─── Task data
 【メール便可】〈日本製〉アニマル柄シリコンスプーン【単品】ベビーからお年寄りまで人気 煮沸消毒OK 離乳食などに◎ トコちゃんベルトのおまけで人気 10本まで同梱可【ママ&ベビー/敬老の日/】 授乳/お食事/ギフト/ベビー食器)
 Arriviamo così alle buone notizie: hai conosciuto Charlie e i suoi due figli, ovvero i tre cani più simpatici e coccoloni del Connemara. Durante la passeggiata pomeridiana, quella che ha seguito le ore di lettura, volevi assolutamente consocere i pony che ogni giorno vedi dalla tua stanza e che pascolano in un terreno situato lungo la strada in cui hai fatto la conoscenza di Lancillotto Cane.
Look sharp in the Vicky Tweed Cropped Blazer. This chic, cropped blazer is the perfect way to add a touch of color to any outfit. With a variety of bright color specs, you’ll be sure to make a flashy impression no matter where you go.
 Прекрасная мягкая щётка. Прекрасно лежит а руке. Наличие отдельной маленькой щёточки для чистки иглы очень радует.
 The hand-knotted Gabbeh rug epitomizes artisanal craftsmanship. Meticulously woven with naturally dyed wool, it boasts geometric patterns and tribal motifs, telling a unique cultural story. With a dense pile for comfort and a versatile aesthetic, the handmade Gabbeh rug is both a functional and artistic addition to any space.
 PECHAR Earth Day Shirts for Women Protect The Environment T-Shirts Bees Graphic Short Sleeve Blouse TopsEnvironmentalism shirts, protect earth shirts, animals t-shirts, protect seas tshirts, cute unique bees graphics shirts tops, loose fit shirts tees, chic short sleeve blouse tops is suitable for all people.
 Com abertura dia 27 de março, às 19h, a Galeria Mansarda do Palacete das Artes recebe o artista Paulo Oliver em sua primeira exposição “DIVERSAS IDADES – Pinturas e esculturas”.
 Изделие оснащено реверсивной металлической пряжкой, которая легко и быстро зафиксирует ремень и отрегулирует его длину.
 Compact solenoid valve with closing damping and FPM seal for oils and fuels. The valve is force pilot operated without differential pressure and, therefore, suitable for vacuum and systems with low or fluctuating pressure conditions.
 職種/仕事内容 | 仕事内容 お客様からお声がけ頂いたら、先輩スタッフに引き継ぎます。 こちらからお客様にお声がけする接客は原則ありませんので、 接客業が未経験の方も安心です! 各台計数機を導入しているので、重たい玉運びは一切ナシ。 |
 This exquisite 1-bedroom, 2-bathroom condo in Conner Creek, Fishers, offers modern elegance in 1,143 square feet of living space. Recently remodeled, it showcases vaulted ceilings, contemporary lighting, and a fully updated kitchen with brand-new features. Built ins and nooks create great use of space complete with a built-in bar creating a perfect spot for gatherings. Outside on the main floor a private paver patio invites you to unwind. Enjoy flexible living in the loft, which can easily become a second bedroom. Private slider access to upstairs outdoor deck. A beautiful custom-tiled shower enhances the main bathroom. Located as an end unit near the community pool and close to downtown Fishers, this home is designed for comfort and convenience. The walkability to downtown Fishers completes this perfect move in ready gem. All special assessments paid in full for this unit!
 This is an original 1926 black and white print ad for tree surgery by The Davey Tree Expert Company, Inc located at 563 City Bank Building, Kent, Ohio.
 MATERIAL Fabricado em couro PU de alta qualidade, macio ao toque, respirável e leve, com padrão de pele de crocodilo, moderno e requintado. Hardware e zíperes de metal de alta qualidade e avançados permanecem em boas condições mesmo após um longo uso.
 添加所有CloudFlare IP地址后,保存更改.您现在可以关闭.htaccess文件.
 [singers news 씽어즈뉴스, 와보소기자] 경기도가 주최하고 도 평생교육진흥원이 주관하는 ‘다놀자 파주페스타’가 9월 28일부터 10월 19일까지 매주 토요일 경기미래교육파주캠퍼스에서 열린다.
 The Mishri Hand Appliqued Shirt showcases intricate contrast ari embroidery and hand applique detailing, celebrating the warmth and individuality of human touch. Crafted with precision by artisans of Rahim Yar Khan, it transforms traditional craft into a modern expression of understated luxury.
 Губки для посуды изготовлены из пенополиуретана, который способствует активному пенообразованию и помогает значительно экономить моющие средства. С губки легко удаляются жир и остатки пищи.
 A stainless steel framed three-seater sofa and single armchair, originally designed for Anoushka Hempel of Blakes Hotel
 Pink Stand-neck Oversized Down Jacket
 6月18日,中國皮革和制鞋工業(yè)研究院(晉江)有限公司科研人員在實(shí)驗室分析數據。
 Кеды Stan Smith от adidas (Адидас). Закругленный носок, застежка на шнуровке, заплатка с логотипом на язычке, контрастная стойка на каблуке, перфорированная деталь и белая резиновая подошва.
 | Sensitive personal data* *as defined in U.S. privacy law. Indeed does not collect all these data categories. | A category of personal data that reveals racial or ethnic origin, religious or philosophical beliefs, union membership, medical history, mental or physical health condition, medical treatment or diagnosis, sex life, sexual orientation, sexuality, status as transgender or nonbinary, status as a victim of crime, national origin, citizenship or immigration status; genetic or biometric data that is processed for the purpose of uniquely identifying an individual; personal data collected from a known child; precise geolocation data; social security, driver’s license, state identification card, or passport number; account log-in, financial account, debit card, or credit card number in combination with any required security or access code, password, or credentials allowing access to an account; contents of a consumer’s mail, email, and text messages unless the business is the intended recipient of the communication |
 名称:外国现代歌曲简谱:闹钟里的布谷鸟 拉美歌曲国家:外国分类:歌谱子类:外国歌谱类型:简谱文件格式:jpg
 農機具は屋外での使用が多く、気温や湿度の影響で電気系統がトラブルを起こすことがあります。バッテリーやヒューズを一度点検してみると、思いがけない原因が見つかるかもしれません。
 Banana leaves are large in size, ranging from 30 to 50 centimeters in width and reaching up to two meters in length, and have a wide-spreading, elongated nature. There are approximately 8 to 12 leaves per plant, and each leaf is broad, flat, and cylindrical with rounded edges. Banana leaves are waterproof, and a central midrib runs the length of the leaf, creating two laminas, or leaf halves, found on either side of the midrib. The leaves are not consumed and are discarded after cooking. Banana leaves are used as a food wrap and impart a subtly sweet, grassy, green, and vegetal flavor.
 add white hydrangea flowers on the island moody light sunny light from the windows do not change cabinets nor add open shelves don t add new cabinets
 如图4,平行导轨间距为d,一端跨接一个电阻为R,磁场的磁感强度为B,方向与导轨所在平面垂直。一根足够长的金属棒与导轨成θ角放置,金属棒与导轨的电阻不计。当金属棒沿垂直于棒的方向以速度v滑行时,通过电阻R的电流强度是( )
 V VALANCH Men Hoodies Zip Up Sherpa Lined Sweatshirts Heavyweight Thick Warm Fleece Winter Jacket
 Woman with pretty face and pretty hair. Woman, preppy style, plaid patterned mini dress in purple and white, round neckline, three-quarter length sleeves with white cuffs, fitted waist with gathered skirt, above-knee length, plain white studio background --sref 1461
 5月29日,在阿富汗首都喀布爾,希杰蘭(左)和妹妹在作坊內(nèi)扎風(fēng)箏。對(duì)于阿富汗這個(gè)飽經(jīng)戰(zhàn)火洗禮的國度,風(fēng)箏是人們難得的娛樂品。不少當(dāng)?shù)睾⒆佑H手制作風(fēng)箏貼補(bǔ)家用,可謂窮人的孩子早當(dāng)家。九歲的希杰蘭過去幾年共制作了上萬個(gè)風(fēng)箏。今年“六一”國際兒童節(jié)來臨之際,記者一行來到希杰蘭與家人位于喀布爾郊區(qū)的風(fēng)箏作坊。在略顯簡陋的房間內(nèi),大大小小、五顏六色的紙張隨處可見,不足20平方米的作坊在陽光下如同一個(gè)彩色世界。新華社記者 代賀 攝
──────
Your assignment: Take the entries above and set them all down again exactly as they read.

Response for this exercise:
 【メール便可】〈日本製〉アニマル柄シリコンスプーン【単品】ベビーからお年寄りまで人気 煮沸消毒OK 離乳食などに◎ トコちゃんベルトのおまけで人気 10本まで同梱可【ママ&ベビー/敬老の日/】 授乳/お食事/ギフト/ベビー食器)
 Arriviamo così alle buone notizie: hai conosciuto Charlie e i suoi due figli, ovvero i tre cani più simpatici e coccoloni del Connemara. Durante la passeggiata pomeridiana, quella che ha seguito le ore di lettura, volevi assolutamente consocere i pony che ogni giorno vedi dalla tua stanza e che pascolano in un terreno situato lungo la strada in cui hai fatto la conoscenza di Lancillotto Cane.
Look sharp in the Vicky Tweed Cropped Blazer. This chic, cropped blazer is the perfect way to add a touch of color to any outfit. With a variety of bright color specs, you’ll be sure to make a flashy impression no matter where you go.
 Прекрасная мягкая щётка. Прекрасно лежит а руке. Наличие отдельной маленькой щёточки для чистки иглы очень радует.
 The hand-knotted Gabbeh rug epitomizes artisanal craftsmanship. Meticulously woven with naturally dyed wool, it boasts geometric patterns and tribal motifs, telling a unique cultural story. With a dense pile for comfort and a versatile aesthetic, the handmade Gabbeh rug is both a functional and artistic addition to any space.
 PECHAR Earth Day Shirts for Women Protect The Environment T-Shirts Bees Graphic Short Sleeve Blouse TopsEnvironmentalism shirts, protect earth shirts, animals t-shirts, protect seas tshirts, cute unique bees graphics shirts tops, loose fit shirts tees, chic short sleeve blouse tops is suitable for all people.
 Com abertura dia 27 de março, às 19h, a Galeria Mansarda do Palacete das Artes recebe o artista Paulo Oliver em sua primeira exposição “DIVERSAS IDADES – Pinturas e esculturas”.
 Изделие оснащено реверсивной металлической пряжкой, которая легко и быстро зафиксирует ремень и отрегулирует его длину.
 Compact solenoid valve with closing damping and FPM seal for oils and fuels. The valve is force pilot operated without differential pressure and, therefore, suitable for vacuum and systems with low or fluctuating pressure conditions.
 職種/仕事内容 | 仕事内容 お客様からお声がけ頂いたら、先輩スタッフに引き継ぎます。 こちらからお客様にお声がけする接客は原則ありませんので、 接客業が未経験の方も安心です! 各台計数機を導入しているので、重たい玉運びは一切ナシ。 |
 This exquisite 1-bedroom, 2-bathroom condo in Conner Creek, Fishers, offers modern elegance in 1,143 square feet of living space. Recently remodeled, it showcases vaulted ceilings, contemporary lighting, and a fully updated kitchen with brand-new features. Built ins and nooks create great use of space complete with a built-in bar creating a perfect spot for gatherings. Outside on the main floor a private paver patio invites you to unwind. Enjoy flexible living in the loft, which can easily become a second bedroom. Private slider access to upstairs outdoor deck. A beautiful custom-tiled shower enhances the main bathroom. Located as an end unit near the community pool and close to downtown Fishers, this home is designed for comfort and convenience. The walkability to downtown Fishers completes this perfect move in ready gem. All special assessments paid in full for this unit!
 This is an original 1926 black and white print ad for tree surgery by The Davey Tree Expert Company, Inc located at 563 City Bank Building, Kent, Ohio.
 MATERIAL Fabricado em couro PU de alta qualidade, macio ao toque, respirável e leve, com padrão de pele de crocodilo, moderno e requintado. Hardware e zíperes de metal de alta qualidade e avançados permanecem em boas condições mesmo após um longo uso.
 添加所有CloudFlare IP地址后,保存更改.您现在可以关闭.htaccess文件.
 [singers news 씽어즈뉴스, 와보소기자] 경기도가 주최하고 도 평생교육진흥원이 주관하는 ‘다놀자 파주페스타’가 9월 28일부터 10월 19일까지 매주 토요일 경기미래교육파주캠퍼스에서 열린다.
 The Mishri Hand Appliqued Shirt showcases intricate contrast ari embroidery and hand applique detailing, celebrating the warmth and individuality of human touch. Crafted with precision by artisans of Rahim Yar Khan, it transforms traditional craft into a modern expression of understated luxury.
 Губки для посуды изготовлены из пенополиуретана, который способствует активному пенообразованию и помогает значительно экономить моющие средства. С губки легко удаляются жир и остатки пищи.
 A stainless steel framed three-seater sofa and single armchair, originally designed for Anoushka Hempel of Blakes Hotel
 Pink Stand-neck Oversized Down Jacket
 6月18日,中國皮革和制鞋工業(yè)研究院(晉江)有限公司科研人員在實(shí)驗室分析數據。
 Кеды Stan Smith от adidas (Адидас). Закругленный носок, застежка на шнуровке, заплатка с логотипом на язычке, контрастная стойка на каблуке, перфорированная деталь и белая резиновая подошва.
 | Sensitive personal data* *as defined in U.S. privacy law. Indeed does not collect all these data categories. | A category of personal data that reveals racial or ethnic origin, religious or philosophical beliefs, union membership, medical history, mental or physical health condition, medical treatment or diagnosis, sex life, sexual orientation, sexuality, status as transgender or nonbinary, status as a victim of crime, national origin, citizenship or immigration status; genetic or biometric data that is processed for the purpose of uniquely identifying an individual; personal data collected from a known child; precise geolocation data; social security, driver’s license, state identification card, or passport number; account log-in, financial account, debit card, or credit card number in combination with any required security or access code, password, or credentials allowing access to an account; contents of a consumer’s mail, email, and text messages unless the business is the intended recipient of the communication |
 名称:外国现代歌曲简谱:闹钟里的布谷鸟 拉美歌曲国家:外国分类:歌谱子类:外国歌谱类型:简谱文件格式:jpg
 農機具は屋外での使用が多く、気温や湿度の影響で電気系統がトラブルを起こすことがあります。バッテリーやヒューズを一度点検してみると、思いがけない原因が見つかるかもしれません。
 Banana leaves are large in size, ranging from 30 to 50 centimeters in width and reaching up to two meters in length, and have a wide-spreading, elongated nature. There are approximately 8 to 12 leaves per plant, and each leaf is broad, flat, and cylindrical with rounded edges. Banana leaves are waterproof, and a central midrib runs the length of the leaf, creating two laminas, or leaf halves, found on either side of the midrib. The leaves are not consumed and are discarded after cooking. Banana leaves are used as a food wrap and impart a subtly sweet, grassy, green, and vegetal flavor.
 add white hydrangea flowers on the island moody light sunny light from the windows do not change cabinets nor add open shelves don t add new cabinets
 如图4,平行导轨间距为d,一端跨接一个电阻为R,磁场的磁感强度为B,方向与导轨所在平面垂直。一根足够长的金属棒与导轨成θ角放置,金属棒与导轨的电阻不计。当金属棒沿垂直于棒的方向以速度v滑行时,通过电阻R的电流强度是( )
 V VALANCH Men Hoodies Zip Up Sherpa Lined Sweatshirts Heavyweight Thick Warm Fleece Winter Jacket
 Woman with pretty face and pretty hair. Woman, preppy style, plaid patterned mini dress in purple and white, round neckline, three-quarter length sleeves with white cuffs, fitted waist with gathered skirt, above-knee length, plain white studio background --sref 1461
 5月29日,在阿富汗首都喀布爾,希杰蘭(左)和妹妹在作坊內(nèi)扎風(fēng)箏。對(duì)于阿富汗這個(gè)飽經(jīng)戰(zhàn)火洗禮的國度,風(fēng)箏是人們難得的娛樂品。不少當(dāng)?shù)睾⒆佑H手制作風(fēng)箏貼補(bǔ)家用,可謂窮人的孩子早當(dāng)家。九歲的希杰蘭過去幾年共制作了上萬個(gè)風(fēng)箏。今年“六一”國際兒童節(jié)來臨之際,記者一行來到希杰蘭與家人位于喀布爾郊區(qū)的風(fēng)箏作坊。在略顯簡陋的房間內(nèi),大大小小、五顏六色的紙張隨處可見,不足20平方米的作坊在陽光下如同一個(gè)彩色世界。新華社記者 代賀 攝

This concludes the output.